W wyniku obrażeń odniesionych po przejściu burz troje dzieci zostało hospitalizowanych. Podczas ewakuacji obozu harcerskiego (w woj. świętokrzyskim, w powiecie włoszczowskim) jedno dziecko skręciło nogę, a drugie przerażone burzą także zabrano do szpitala. Z kolei w woj. mazowieckim w miejscowości Bogate (powiat przasnyski) spadający konar złamał dziecku nogę. Strażacy w sumie ewakuowali 13 obozów harcerskich – tylko na samej Warmii i Mazurach prawie 400 harcerzy.

 

Ponad 100 tys. odbiorców bez prądu

Bez prądu pozostaje 104 045 odbiorców. Najwięcej z nich jest w woj. łódzkim (48 783), mazowieckim (41 081) oraz warmińsko-mazurskim (6110) – poinformował dyrektor Rządowego Centrum Bezpieczeństwa Grzegorz Świszcz. To dane z godz. 21.

Dąb Bartek uszkodzony

Silny wiatr towarzyszący burzom uszkodził koronę Bartka, około 700-letniego dębu z Zagnańska (woj. świętokrzyskie). Odłamał się kilkumetrowy fragment jednego z konarów.

 

Jak poinformował Paweł Kowalczyk, zastępca nadleśniczego Nadleśnictwa Zagnańsk złamał się konar, rosnący po stronie wschodniej.

 

– Bardzo silny wiatr odłamał konar w wierzchołkowej części mierzący około 8-9 metrów.
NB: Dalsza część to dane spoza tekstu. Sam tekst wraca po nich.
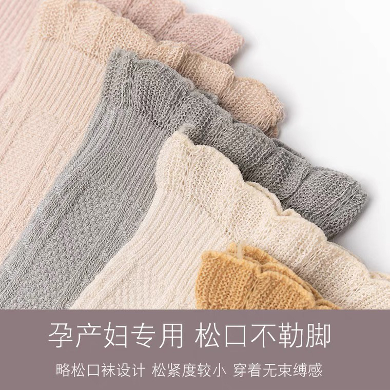 Confinement socks spring and autumn cotton socks postpartum October November loose mouth pregnant women mid-tube warm lace cute socks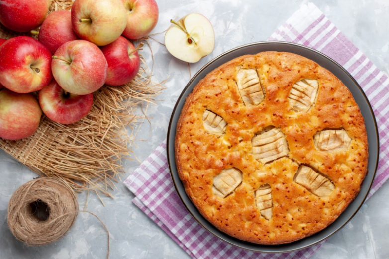 Оставшееся яблоко разрежьте на дольки и выложите их на поверхности теста, присыпьте сверху сахаром

Leśnicy częściowo zdjęli konar na ziemię. Prace będą dokończone jutro – poinformował nadleśniczy.

 

ZOBACZ: Po ulewie w powiecie krakowskim ponad 660 interwencji straży. Ulewy przeszły także nad Śląskiem

 

Zaznaczył, że każdy uszczerbek w postaci złamania konaru jest sporą stratą dla drzewa. – Ekspertyzy wykonane w ramach projektu ochrony drzewa wskazują, że system zabezpieczających podpór drzewa i wiązań w obrębie korony Bartka jest wystarczający. Badania wskazały, że właściwa jest też statyka drzewa. Niestety tak silne podmuchy wiatru, jakie występowały dzisiaj w naszym regionie, mogą uszkodzić nawet tak witalne drzewo, jakim jest Dąb Bartek – podkreślił leśniczy.

 

Obecnie niższe partie drzewa są zabezpieczone 15 podporami. – Dzisiejsza sytuacja będzie na pewno przedmiotem naszych analiz. Ocenimy, jaki wpływ na Bartka będzie miało wyłamanie tego konaru – dodał leśnik.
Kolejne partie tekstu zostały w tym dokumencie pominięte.